Given a plant \(G=(X, E, \delta , x_0)\), the attacker observer is constructed based on the observer of the plant \(Obs(G)=(B,{E_o},{\delta _{obs}},b_0)\). The attacker observer generates all the attack words on the attack alphabet \(E_a\) resulting from the attack function, and provides the state estimation of the attacker according to the attack words. One can use Algorithm 1 in Zhang et al.²⁹ to compute the attacker observer.

Definition 2

Consider a plant \(G=(X, E, \delta , x_0)\) with the observer \(Obs(G) = (B,E_o,{\delta _{obs}},b_0)\). Let \(E_{ins} \subseteq E_o\) be the set of events that can be inserted by the attacker, \(E_{era} \subseteq E_o\) be the set of events that can be erased by the attacker, and \(E_a=E_o \cup E_+ \cup E_-\) be the attack alphabet.
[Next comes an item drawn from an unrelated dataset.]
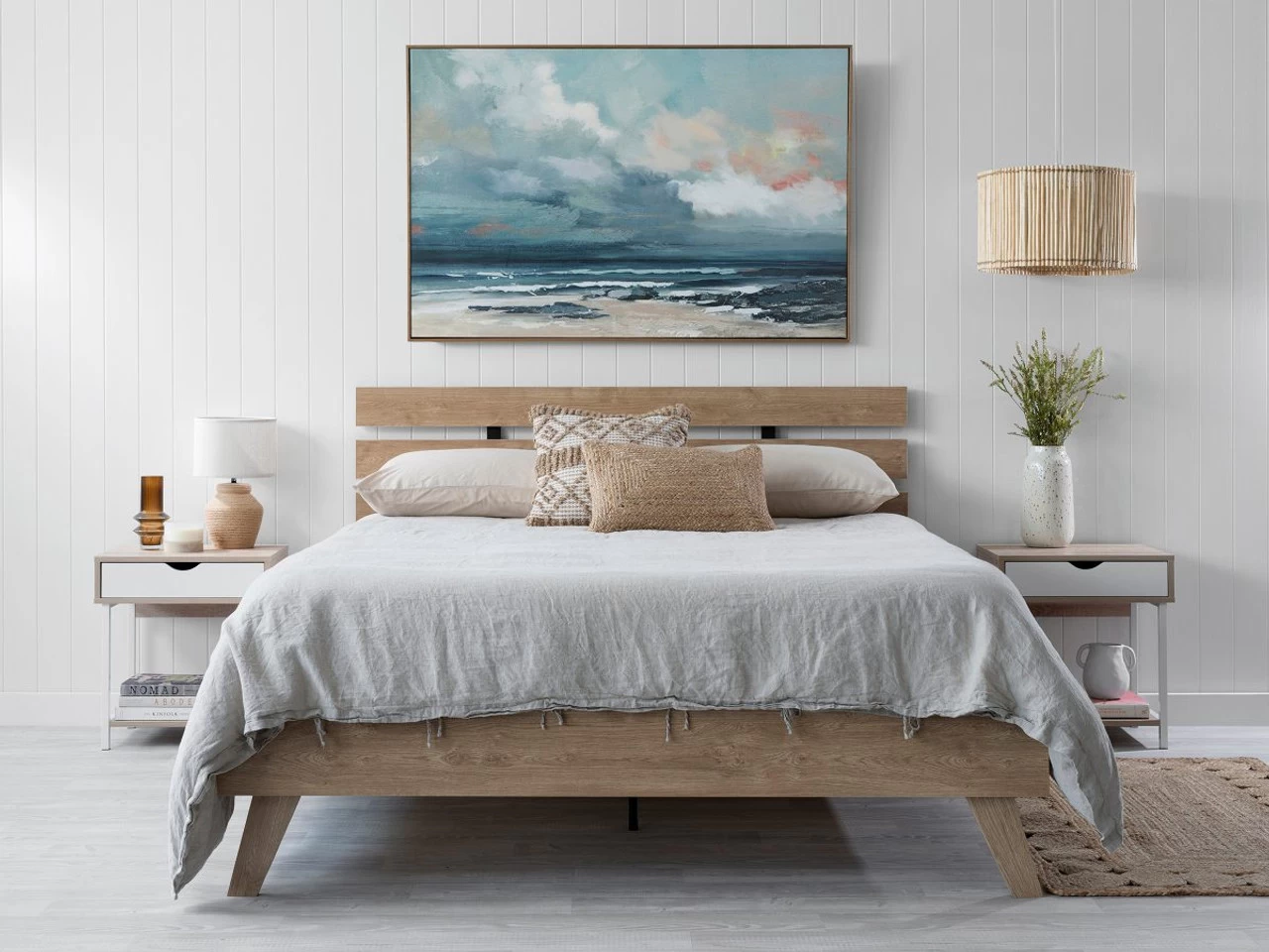 Create the ultimate bedroom with the Soren Queen Bed – Natural. Inspired by the simple and practical style of Scandinavian furniture, this queen bed has a sturdy and high-quality frame for a comfortable supportive base and helps you get a good night’s sleep. Invoking effortless style, this queen bed features an oak-look finish with a wood-look panel headboard that makes a statement in any bedroom. Pair with soft bedding and cushy pillows for an inviting bed you’ll be itching to cosy up in.

The attacker observer is defined as \(Obs_{att}(G) = (B,E_a,\delta _{att},b_0)\), where the transition function \(\delta _{att}\) is defined as follows:

$$\begin{aligned} \left\{ \begin{array}{lcl} \forall b \in B, \ \forall e \in E_o, \ \delta _{att}(b,e)=\delta _{obs}(b,e),\\ \forall b \in B, \ \forall e \in E_{era}, \ \delta _{att}(b,e_-)=\delta _{att}(b,e), \\ \forall b \in B, \ \forall e \in E_{ins}, \ \delta _{att}(b,e_+)=b. \end{array} \right. \end{aligned}$$

(8)

\(\square\)

According to Definition 2, first, for all the states \(b \in B\), and for all the observable events \(e \in E_o\), we impose \(\delta _{att}(b,e)=\delta _{obs}(b,e)\), i.e., the transition function of the attacker observer is initialized at the transition function of the observer of the plant. Then, for each observable event \(e \in E_{era}\), namely for each event whose observation can be erased, we add the transition \(\delta _{att}(b,e_-)=\delta _{att}(b,e)\). In fact, the attacker knows that \(e_- \in E_-\) is an erased event that has occurred in the plant, and thus the attacker updates its state in the same way it does when event \(e \in E_{era}\) occurs. Finally, for all the events \(e \in E_{ins}\), we add self-loops labeled \(e_+\) at all the states of \(Obs_{att}(G)\). In fact, the attacker knows that an event in \(E_+\) is a dummy event inserted by itself, thus the attacker does not update its state when \(e_+\) occurs.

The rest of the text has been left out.